• [GOAL OF THE EXERCISE]: Only one span is wanted from the lines below: from the one with "The project is" up to and including the one with "在长春纪念馆中,一班同学在讲". Copy it exactly, without images.

(Source data)
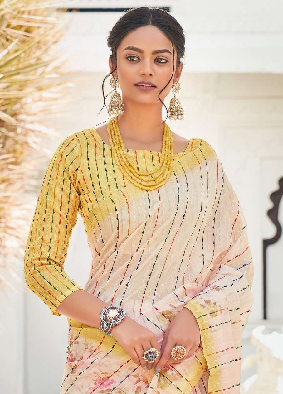 LEMON YELLOW SHADE ELEGANT COTTON SILK SAREE FOR WOMEN -NIRM001L
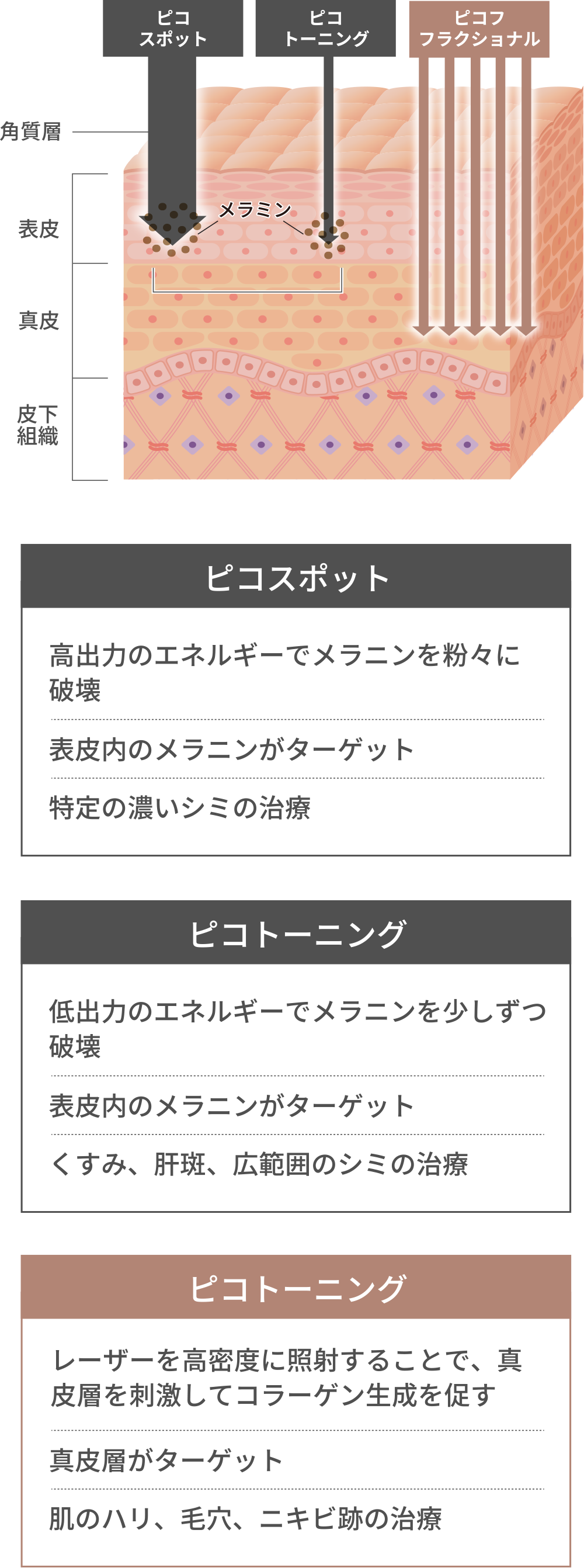 ピコレーザー治療では、ピコトーニング、ピコフラクショナル、ピコスポットという3つのアプローチから、患者様に適した治療法を選択します。これらの3つのアプローチを切り替えることにより、多岐にわたる肌の悩みに対応することが可能です。
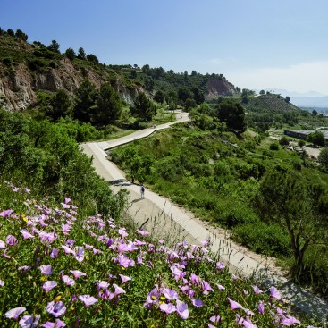 The project is set within the broader scheme of the Igualada Green Ring, the aim of which is to generate a series of itineraries for pedestrians and bicycles in the form of a green belt around the city’s perimeter. This new sustainable mobility infrastructure sets out to design a system of parks and peri-urban open spaces that function as a network suitable for environmentally friendly leisure activities, adapting and recovering, to a large extent, spaces that are currently run-down or underused. In this context, Camí de les Guixeres, the track leading to the mines, represents the recovery of a stretch of 1.65 kilometres, out of which the first 800 metres have now been completed.
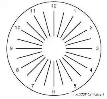 摘下眼镜,注视下图,如果发现图中某条直线比其他更粗或者更黑,则提示可能存在散光。如果所有直线都粗细分布均匀,则没有散光或散光度数小。
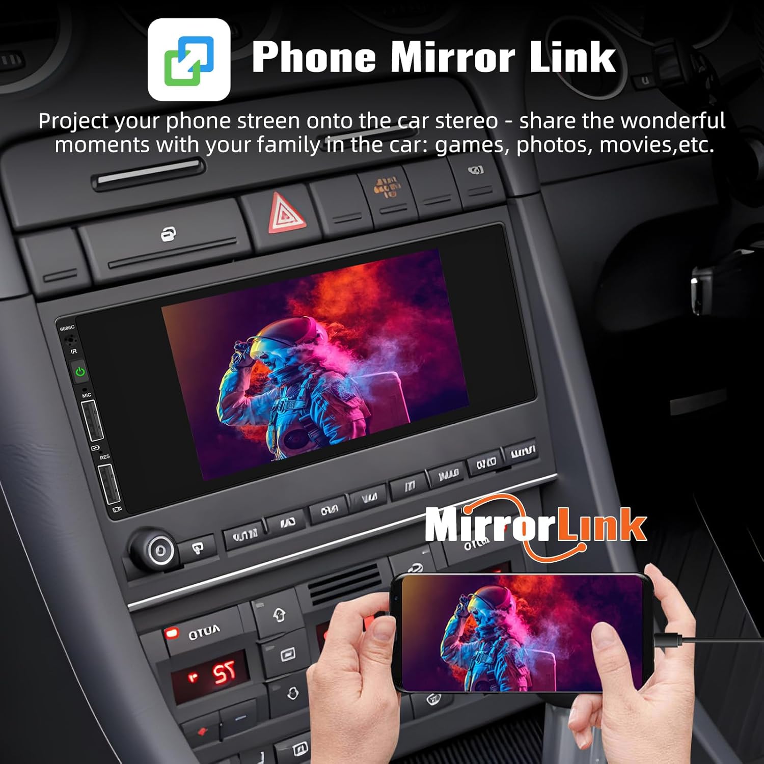 Phone Mirror-Link for Android/iOS to share content on the car radio touchscreen
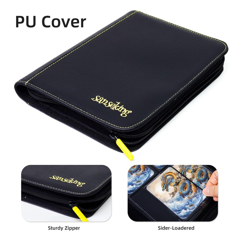 Sanseking Premium Zip Card Binder,160 Pockets Trading Card Album Folder,Double Side Loading PU Cover Collector for Standard Cards, MTG, TCG, Game Cards, Sport Cards (4 Pocket)
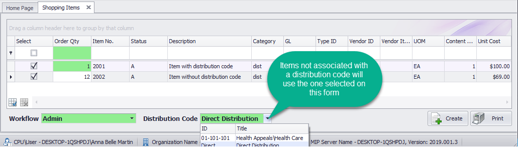 - With version 2019.001.3, multi-line distribution codes can be used when creating a purchase request from the Shopping Cart List. Previously, it was limited to single line distribution
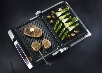 Profi Plus Grill (WMF), automatický snímač upravuje teplotu a dobu grilování podle velikosti a tloušťky masa, cena 7 299 Kč, www.wmf.cz
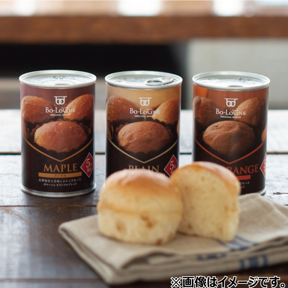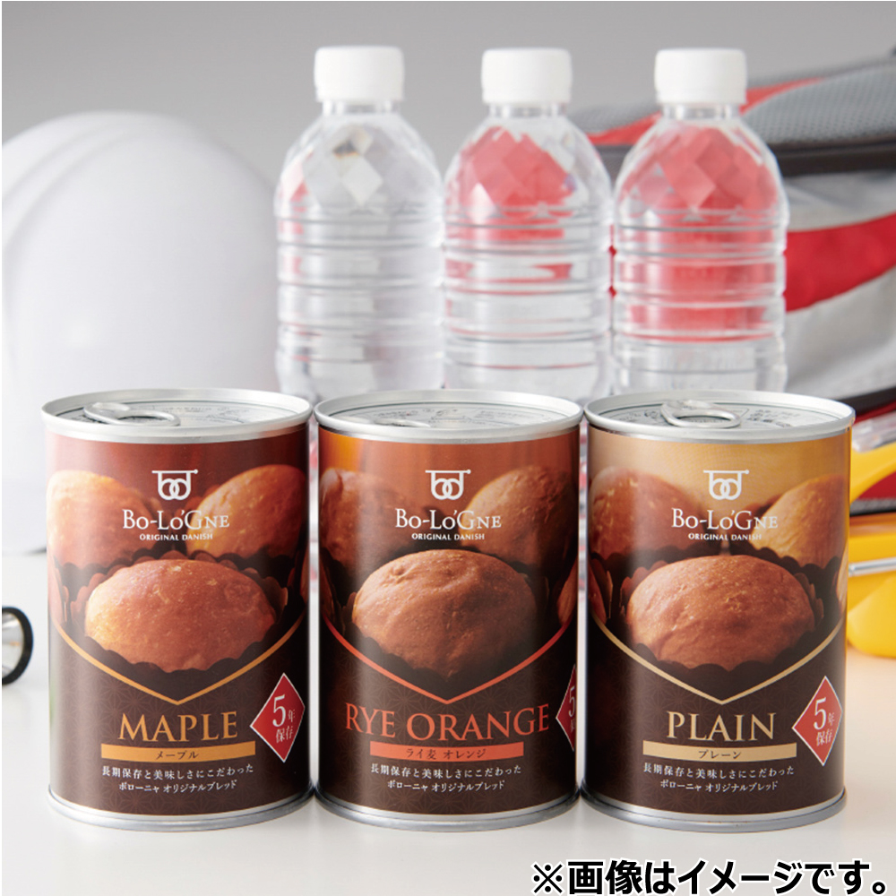 防災備蓄用の缶詰パンで、プレーン・メープル・ライ麦オレンジが各2缶入です。
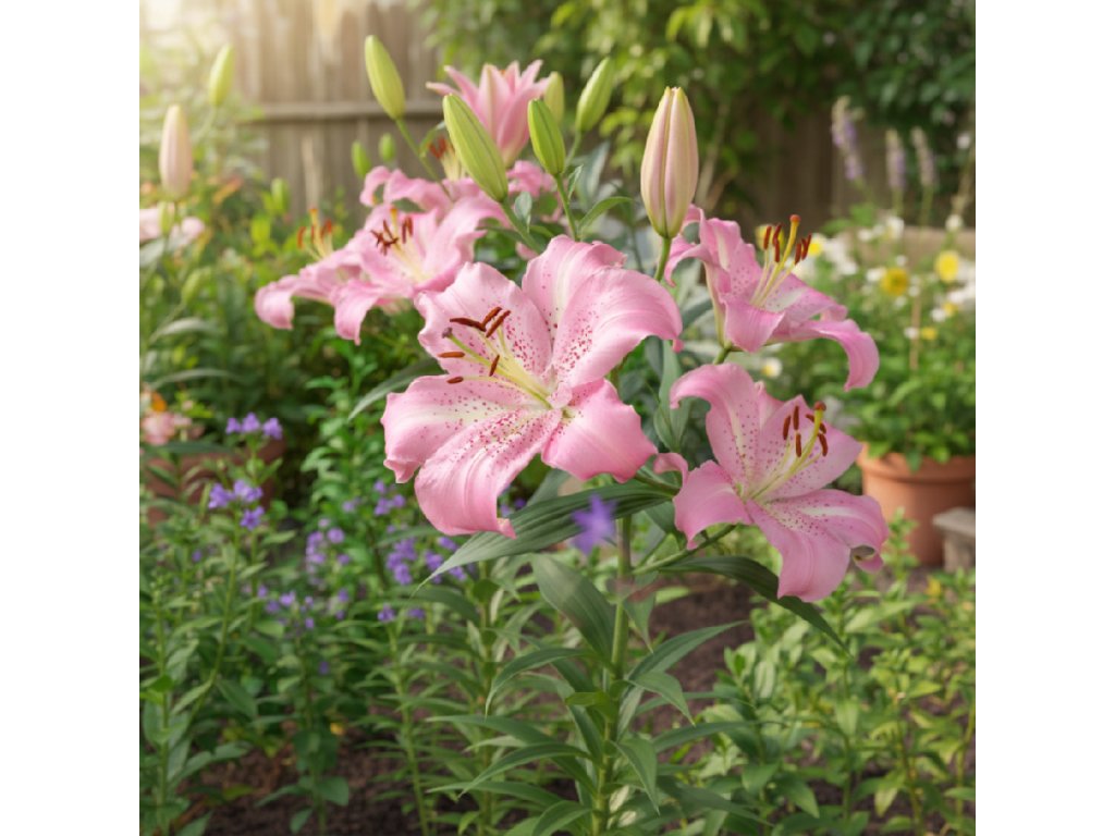 Ľalia 'Josephine' (Lilium 'Josephine') vnesie do záhrady romantickú náladu. Táto orientálna ľalia vás uchváti svetlo ružovými kvetmi s krémovým stredom a vínovo ružovým bodkovaním. Miskovito tvarované kvety smerujú nahor a vydávajú príjemnú, korenistú vôňu. Dorastá do výšky 100–120cm a kvitne počas júna až augusta.Ľalia 'Josephine' je vhodná na rez a vynikne ako samostatne, tak v skupinovej výsadbe. Výborne sa hodí do záhonov, ale aj do nádob na terasy a balkóny. Vďaka pevným stonkám a dlhotrvajúcim kvetom je ideálny aj do letných kytíc.
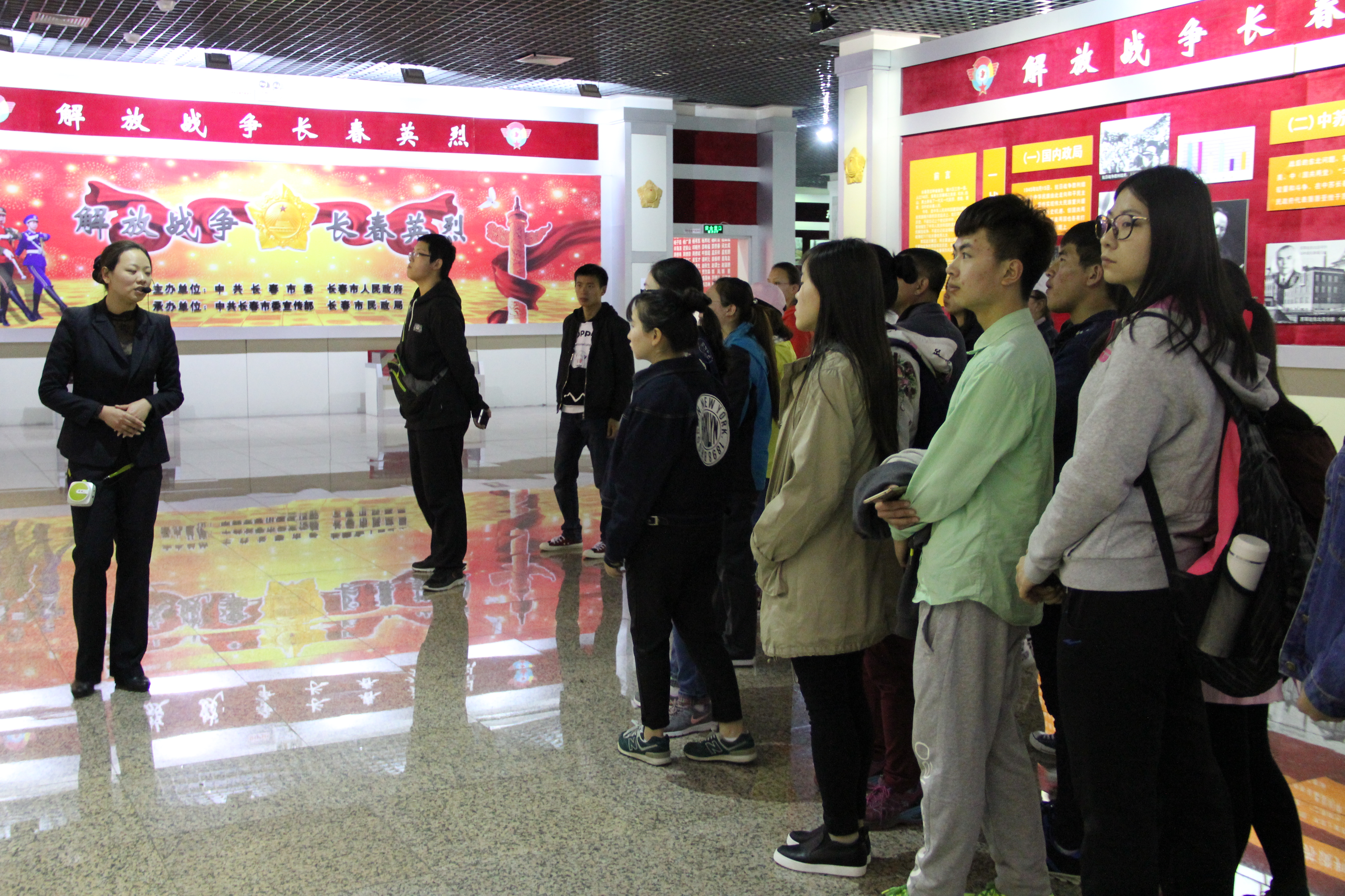 在长春纪念馆中,一班同学在讲解员的帮助下,参观学习了展出的长春市革命英雄的图片、油画、了解了烈士们的生平事迹。同学们在各种珍贵的文物中感受着先辈们的伟大精神,学习中国共产党走过的不寻常的历史过程。
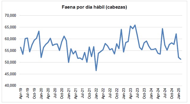 La faena diaria del mes de febrero del corriente año, se ubicó en 51,3 mil cabezas, un (-1,5%) por debajo de las 52,1 mil diarias procesadas en enero, y un (-7,6%) por debajo de las 55,5 mil correspondientes a febrero de 2024.

• [TASK ANSWER]:
 The project is set within the broader scheme of the Igualada Green Ring, the aim of which is to generate a series of itineraries for pedestrians and bicycles in the form of a green belt around the city’s perimeter. This new sustainable mobility infrastructure sets out to design a system of parks and peri-urban open spaces that function as a network suitable for environmentally friendly leisure activities, adapting and recovering, to a large extent, spaces that are currently run-down or underused. In this context, Camí de les Guixeres, the track leading to the mines, represents the recovery of a stretch of 1.65 kilometres, out of which the first 800 metres have now been completed.
 摘下眼镜,注视下图,如果发现图中某条直线比其他更粗或者更黑,则提示可能存在散光。如果所有直线都粗细分布均匀,则没有散光或散光度数小。
 Phone Mirror-Link for Android/iOS to share content on the car radio touchscreen
 Sanseking Premium Zip Card Binder,160 Pockets Trading Card Album Folder,Double Side Loading PU Cover Collector for Standard Cards, MTG, TCG, Game Cards, Sport Cards (4 Pocket)
 - With version 2019.001.3, multi-line distribution codes can be used when creating a purchase request from the Shopping Cart List. Previously, it was limited to single line distribution
 Profi Plus Grill (WMF), automatický snímač upravuje teplotu a dobu grilování podle velikosti a tloušťky masa, cena 7 299 Kč, www.wmf.cz
 防災備蓄用の缶詰パンで、プレーン・メープル・ライ麦オレンジが各2缶入です。
 Ľalia 'Josephine' (Lilium 'Josephine') vnesie do záhrady romantickú náladu. Táto orientálna ľalia vás uchváti svetlo ružovými kvetmi s krémovým stredom a vínovo ružovým bodkovaním. Miskovito tvarované kvety smerujú nahor a vydávajú príjemnú, korenistú vôňu. Dorastá do výšky 100–120cm a kvitne počas júna až augusta.Ľalia 'Josephine' je vhodná na rez a vynikne ako samostatne, tak v skupinovej výsadbe. Výborne sa hodí do záhonov, ale aj do nádob na terasy a balkóny. Vďaka pevným stonkám a dlhotrvajúcim kvetom je ideálny aj do letných kytíc.
 在长春纪念馆中,一班同学在讲解员的帮助下,参观学习了展出的长春市革命英雄的图片、油画、了解了烈士们的生平事迹。同学们在各种珍贵的文物中感受着先辈们的伟大精神,学习中国共产党走过的不寻常的历史过程。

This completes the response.